On the other side of the design spectrum, the compiler can be largely oblivious to SIMD capabilities of hardware, and most of the smarts can go into the hardware itself. To date, this has been the GPU-style way of doing things. Although we'll talk about GPUs in detail later in the course, here's a good way to think about it for now: The GPU will accept a mini-program written to process a single data item (e.g., you can think of the mini-program as a loop body) as well as a number of times the mini-program should be run. It's like the interface to the hardware itself is a foreach loop.
@mschervi: Probably not, though conditional execution is usually only used for short sequences. Depends on how it's implemented. ARM for example would still "run" through the instructions, as the idea is to avoid control flow entirely.
Can someone explain why is it that not all ALUs are doing useful work? So for this case, the ALUs in lanes 3, 5, 6, 7, 8 are not doing useful work? If that is so, is it because they run the computation for the 'true' case which is wasted in the end?
@kuity That is exactly right - the ALUs 3,5,6,7, and 8 all 'do work' that is discarded for the 'true' case.
@kayvonf Can you clarify a bit how GPU compilers are "largely oblivious to SIMD capabilities of hardware"? And how is GPU parallelism different from SIMD except the number of computing cores? From what I know, CUDA use the concept of "kernel", which is similar to "mini-program" we are talking about here. And the same kernel code is mapped on to many different CUDA cores. This seem to me very similar to SIMD, except NVIDIA GPUs usually have hundreds of CUDA cores.

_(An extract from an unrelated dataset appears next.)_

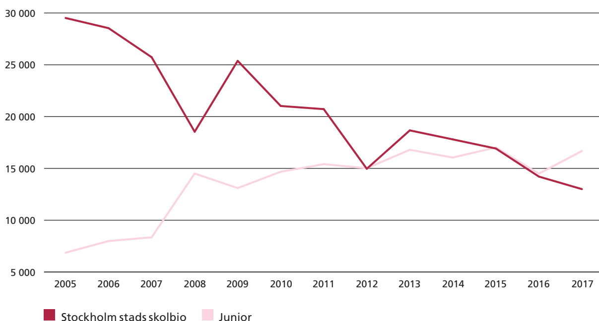
Stockholm stads skolbio jämfört med Juniorfestivalens utveckling 2005–2017

En jämförelse mellan verksamheterna visar att Stockholm stads skolbio också har minskat varje år parallellt med att Juniorfestivalen har växt. Det finns dock fler faktorer som har påverkat Stockholm stads skolbios minskade verksamhet. Bland annat fick skolbion minskad budget 2014 vilket innebar färre visningar och högre biljettpris.

Remember that in divergent execution, SIMD can actually be slower than regular serial execution if the compiler compiles for SIMD at a higher width than the hardware can handle. We saw this in Assignment 1. For example, let's say the vector width of the hardware is 2 and the compiler is using a width of 4. If the first 3 elements take 1 cycle and the last one takes 8, then we will be using 9 cycles on the first two elements and 9 cycles on the last two elements, because for the purposes of divergence, the width is 4, even if the hardware can only do 2 elements at a time. So, it takes 18 cycles this way. But if we did it sequentially, it would only take 11.